В этот момент (Бабушкин не сразу понял, что произошло) автобус слабо толкнулся о невидимое препятствие, легко проскочив его, и только протяжный вздох через шум двигателя неясно достиг ушей Бабушкина. Он моментально похолодел, голове стало зябко, знал уже: это сеттер, он под колеса попал! И кто-то из пассажиров, подтверждая, истошно закричал:
— Собаку задавили!
Заглушив мотор, дрожащей рукой открыв дверь, Бабушкин спрыгнул на асфальт, пошел туда, где, уже отдаленный расстоянием, метрах в пятидесяти, неопределенным бугорком лежал сеттер. «Жив, может! — подумал расслабленно. — А-а, лучше уж, чтоб не жив… Что он, стервец, притерся-то близко так, что колесом его захватило?!»
Пошли за Бабушкиным и другие, кое-кто из пассажиров, — молчали, покашливали, закуривали…
— Ну, брат, как ты его… — осуждающе сказал, когда приблизились, военный. — Какую псину порешил!
Бабушкин, ощущая, как мгновенно одолевает его душная злоба, хотел было ответить по-шоферски, как надлежало б, однако подполковничьи погоны да еще эмблемы военного юриста на петлицах сдержали его — сказалась давняя и нерастраченная сержантская выучка; только сплюнул, отвернулся.
Защитил бурильщик в мятой фетровой шляпе и с голубовато-белыми полосками флотской тельняшки на груди:
— Чего, спрашивается, водитель? Неопытная собака, не поосторожничала…
— Ей цены, вероятно, нет, — опять сказал подполковник.

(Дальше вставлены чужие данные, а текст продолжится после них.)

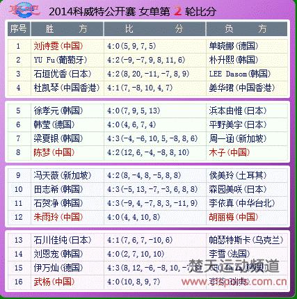 科威特赛女单第二轮比分表:

Выпученный карий глаз сеттера с крупной слезинкой в уголке смотрел, казалось, на него, Бабушкина. Он нагнулся, хотел подцепить пальцем за ошейник, оттащить то, что было минутами раньше красивой охотничьей собакой и что сейчас лежало перед ним расплющенное и окровавленное, — хотел, но его чуть не вырвало, еле сдержался; молча пошел обратно к автобусу.
— Она могла сто пятьдесят рублей стоить, — услышал он за спиной подполковничий бас.

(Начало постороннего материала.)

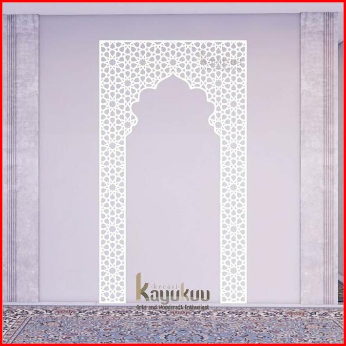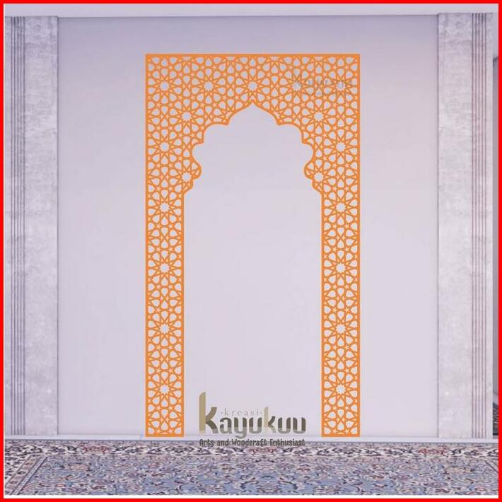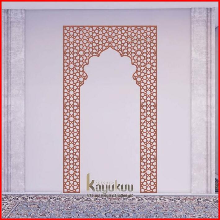 Kreasikayukuu Walldecor Hiasan Dinding Mihrab Mushola Bahan Cutting Plywood 3mm Mihrabmusholaminimalis Warna Coklat Dan

— Цена — тоже вещь, — охотно согласился другой голос, — однако кроме цены сама собака, ух, какая собака была! Бежит, смотрю, а вокруг нее свет волнами…
— Акт давайте составим.
— Кому он нужен, акт, товарищ подполковник? Собака, по существу, беспризорная бежала…
— И как она!..
— Как! Ткнулась… долго ль!..
Бабушкин взобрался на свое сиденье, поджидал, когда поднимутся в автобус возбужденные пассажиры, страдал, мучаясь тем же вопросом: как же это она? «…Надо ж, дура, всю душу на дыбки поставила. Я ж не виноват… не виноват!»
— Ошейник бы сняли, — посоветовала одна из женщин, — на трояк иль всю пятерку потянет ошейник-то…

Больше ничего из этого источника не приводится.